AIGeeksGroup/InteractAgent

Repository files navigation

InteractAgent: Agentic Human Motion Interaction with Memory-Augmented LLMs

This is the official repository for the paper:

InteractAgent: Agentic Human Motion Interaction with Memory-Augmented LLMs

Tao Zhang*, Senhe Zhang*, Zeyu Zhang*†, Yujia Zhang, Dong Gong‡

*Equal contribution. †Project lead. ‡Corresponding author.

demo.mp4

Visualization

rescaled_1_re.mp4

A 3D-rendered figure walks through a modern, open-plan bedroom and living area with terrazzo flooring, contemporary furniture, and soft natural lighting. The character pauses to sit in a mustard-yellow armchair, then stands and stretches before walking toward the sofa, giving a sense of scale and daily life within the stylish interior space.
rescaled_3_re.mp4

A 3D-rendered figure walks from the bedroom area through a stylish open-plan space with terrazzo flooring, past a mustard armchair and modern sofa, heading toward a raised marble-tiled zone near a decorative umbrella and potted plant — showcasing spatial flow and interior design in a minimalist, contemporary home.

Overview

InteractAgent is a training-free framework for generating long-horizon, scene-aware human motion from images and natural-language goals. The paper formulates the system around three core stages:

  1. Scene understanding with a multimodal LLM.
  2. Atomic action planning in natural language.
  3. Motion execution with a frozen MotionLLM executor.
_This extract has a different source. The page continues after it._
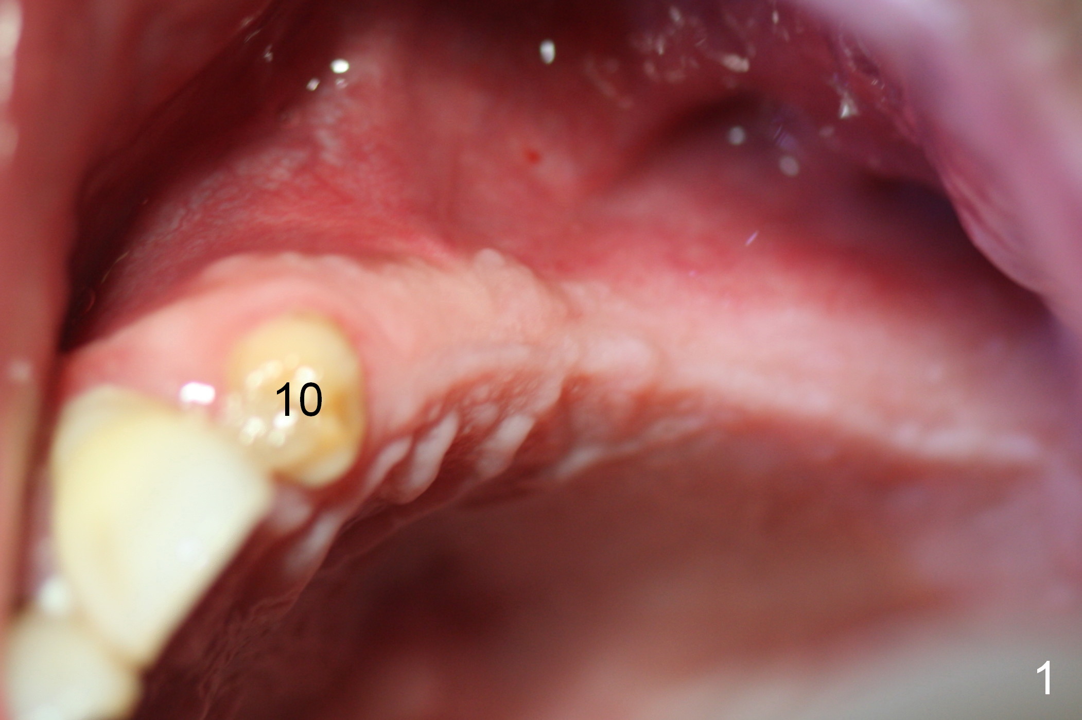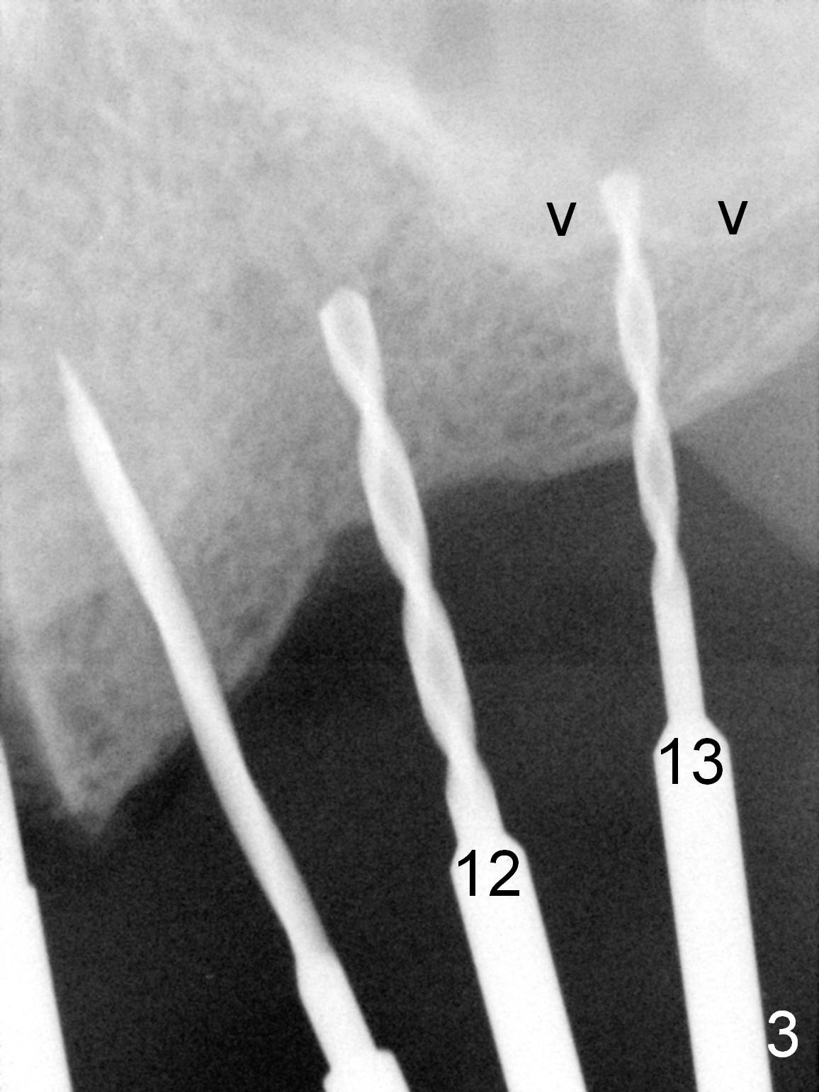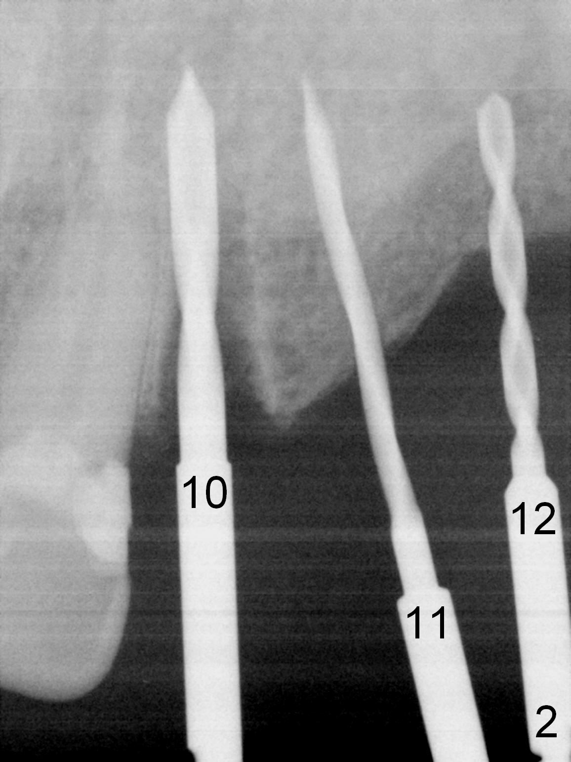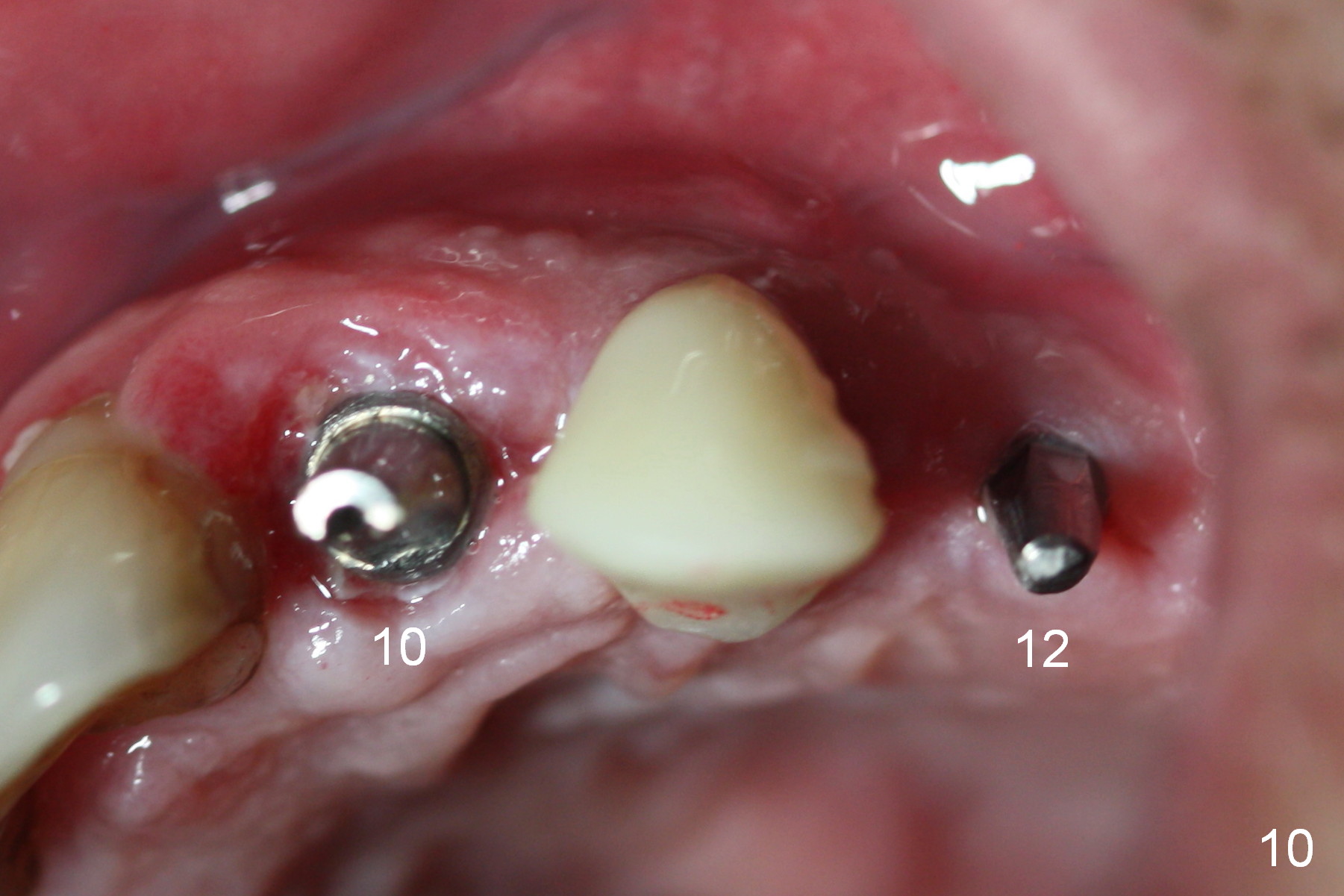 The patient returns for final restoration 3.5 months postop; it appears that the implants have osteointegrated (Fig.12,13). After reprep, there is no gross buccal plate atrophy at #10 (Fig.14).

The paper introduces two reflection mechanisms that make the system robust over long horizons:

  • Online Observation: step-wise evaluation of each executed action to decide whether to continue, redo, or replan.
  • Memory-Augmented Reflection: trajectory-level refinement across multiple attempts, with adaptive stopping when the task is already solved.

In this repository, the practical implementation centers on Qwen-VL based scene reasoning and Motion-Agent based motion generation. The code also includes an interactive planner, a closed-loop prompt refinement mode, and utilities for converting generated motion into SMPL-X parameters for downstream visualization.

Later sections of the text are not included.